Norene Gilletz
Reprinted with permission from Arthur Schwartz's Jewish Home Cooking:
Yiddish Recipes Revisited by Arthur Schwartz, copyright © 2008.
Published by Ten Speed Press.
Photo credit: Ben Fink © 2008"Food can connect us to our past. In fact,
food is often our very last and only connection to our pasts, enduring
long after the old language has been forgotten and other traditions
have died.

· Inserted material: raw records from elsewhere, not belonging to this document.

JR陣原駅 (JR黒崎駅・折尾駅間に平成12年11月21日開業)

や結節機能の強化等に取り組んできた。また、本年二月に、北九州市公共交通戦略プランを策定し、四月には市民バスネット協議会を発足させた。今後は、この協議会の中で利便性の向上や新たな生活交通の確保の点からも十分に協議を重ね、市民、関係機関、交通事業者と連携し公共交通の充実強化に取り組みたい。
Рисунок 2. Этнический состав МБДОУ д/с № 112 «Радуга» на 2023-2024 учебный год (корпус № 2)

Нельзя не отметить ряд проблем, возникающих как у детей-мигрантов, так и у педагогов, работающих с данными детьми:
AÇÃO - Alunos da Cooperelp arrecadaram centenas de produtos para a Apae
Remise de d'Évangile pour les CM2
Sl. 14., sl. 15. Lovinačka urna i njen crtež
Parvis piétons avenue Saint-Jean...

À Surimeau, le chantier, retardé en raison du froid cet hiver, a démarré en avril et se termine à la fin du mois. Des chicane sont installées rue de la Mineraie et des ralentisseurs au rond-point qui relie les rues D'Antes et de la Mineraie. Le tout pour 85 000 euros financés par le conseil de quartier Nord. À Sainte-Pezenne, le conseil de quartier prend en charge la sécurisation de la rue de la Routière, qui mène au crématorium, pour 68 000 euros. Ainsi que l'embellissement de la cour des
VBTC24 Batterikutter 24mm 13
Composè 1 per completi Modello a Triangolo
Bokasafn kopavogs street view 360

There’s many a Jew, for instance, who identifies as a Jew
mainly through his or her love of pastrami, or potted brisket, or
chicken soup with matzo balls."
In his poignant introduction, Arthur Schwartz invites his readers to
join him on a wonderful, mouth-watering and sentimental journey through
the memory-filled pages of his newest cookbook, Jewish Home Cooking:
Yiddish Recipes Revisited (Ten Speed Press, $35, color photographs by
Ben Fink).
The book features nearly 100 authentic recipes for appetizers, soups,
side dishes, meat main courses, dairy main courses, Passover dishes,
baked goods and desserts. Schwartz embellishes simple ingredients with
the wonderful stories behind the recipes and the people who have cooked
and eaten them. The recipes are primarily Ashkenazic
(Eastern-European), with adjustments and updates for how we eat today.

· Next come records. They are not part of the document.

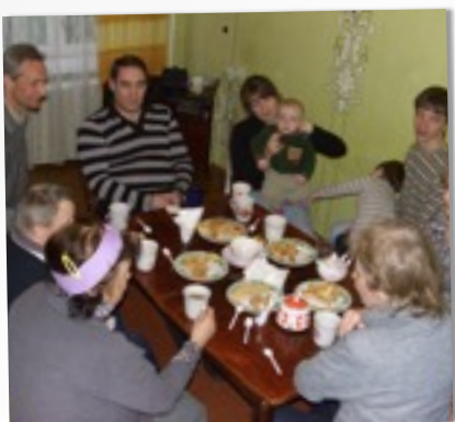
ПЕРВАЯ ДОМАШНЯЯ ГРУППА

В настоящее время ведется подготовка к празднованию Пасхи и дня рождения церкви, ведется миссионерская работа в Дрогобыче, куда в мае планируется переезд семьи одного из служителей.
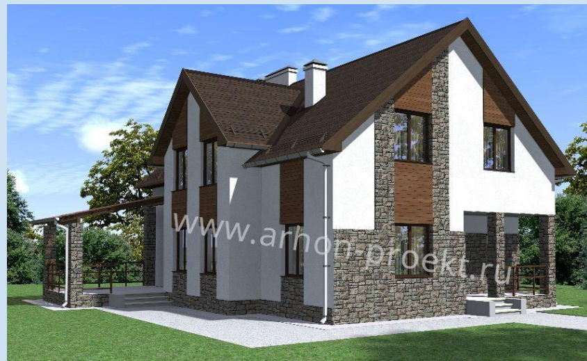
Визуализация дома и гаража
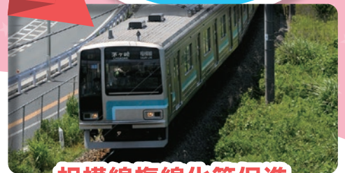
相模線複線化等促進

相模線は、全国との交流連携の窓口となる南北二つのゲートを繋ぐ役割を果たす重要な路線の一つです。しかし、単線であるため、列車の行違いの待ち時間等により表定速度が低く、運行本数も少ないことから、輸送サービスの改善が強く望まれています。期成同盟会では、複線化の早期実現や沿線地域の発展を目指して、各種活動に取り組んでいます。
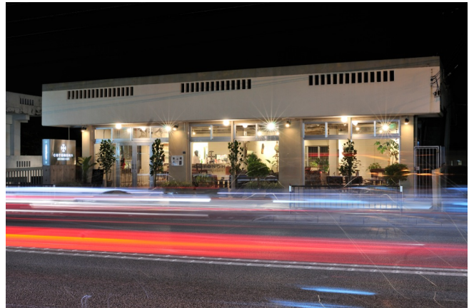
COTONOHA at Night
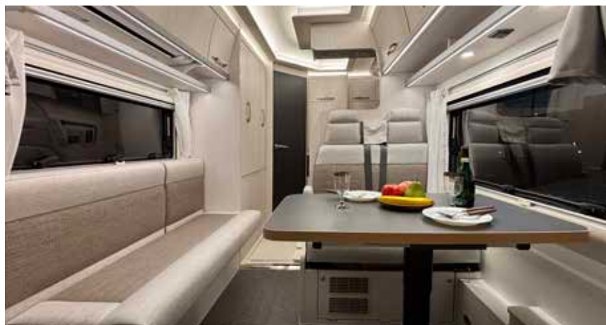
リバティ 52RE iダイネット
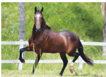
Seu pai, Completo D2

Xale D2 x Amada M.V.L. | Ringo D2 x Orquestra D2
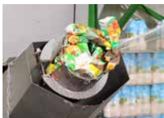
Entleeren der Gebinde bis zu 98 %
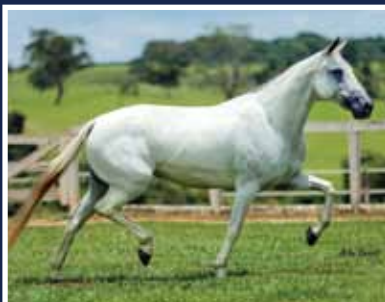
Guaripocabana da Santa Esmeralda
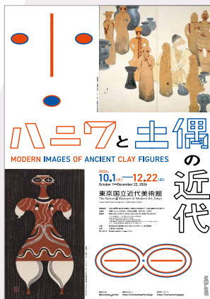
「ハニワと土偶の近代展」ポスター

館の様々な事業を実現させるため、また来館者のニーズに応え、より快適で充実した観覧環境を提供するため、設備の維持・改善や全体の広報、調査などを含めた運営管理を行っています。
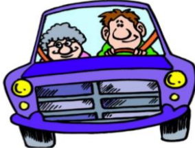
drive a car
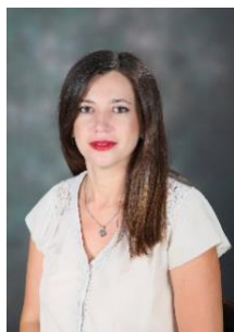
Universiteti Luigj Gurakuqi, Shkodër (UNISHK)
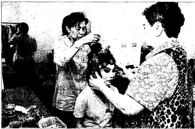
↑靜宜大學中文系「南管戲曲校園推廣計畫」，學員粉墨登場。 (記者陳金龍攝)
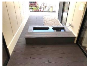
デイサービス利用者と交流できる足湯

The Passover chapter of Jewish Home Cooking includes many of his
childhood memories, including removing the regular dishes and pots down
to the basement and carrying all the Passover dishes and pots back
upstairs. This was his job - and he hated it! Arthur recalls: “We
didn’t have carp swimming in the bathtub. My grandmother went to an
old, reliable fish market where she could pick out the live fish from a
big cement tank. I can still see her climbing the step up to the tank
in her spiked heels, and with her long, well-manicured index finger,
pointing to the specimen she wanted, then having the fish scaled and
filleted on the spot. Of course, she kept the fish’s head, tail, and
bones to make the broth that would later jell around her fish patties.”
The chapter devoted to Passover starts with the story of the holiday,
including an explanation of how matzo is made. Schwartz writes, “Most
commercial matzo is baked within seven minutes of being mixed with
water, but the mixing equipment must be steam-washed between batches to
ensure that no fermentation occurs.”
He includes his favorite Passover recipes, along with accompanying
memories that will tug at your heartstrings, adding their own special
‘tam’ (flavor). Recipes include Matzo Brei (fried matzo), Matzo Farfel
Kugel, Matzo Meal Latkes, Cottage Cheese Chremslach, My Family’s
Passover Walnut Cake, Passover Mandelbread (from his mother’s
handwritten recipe), Matzo Buttercrunch, Dried Fruit Compote,
Wine-Poached Pears, and Ingberlach (his grandmother’s delicious matzo
farfel candy made with honey and ginger).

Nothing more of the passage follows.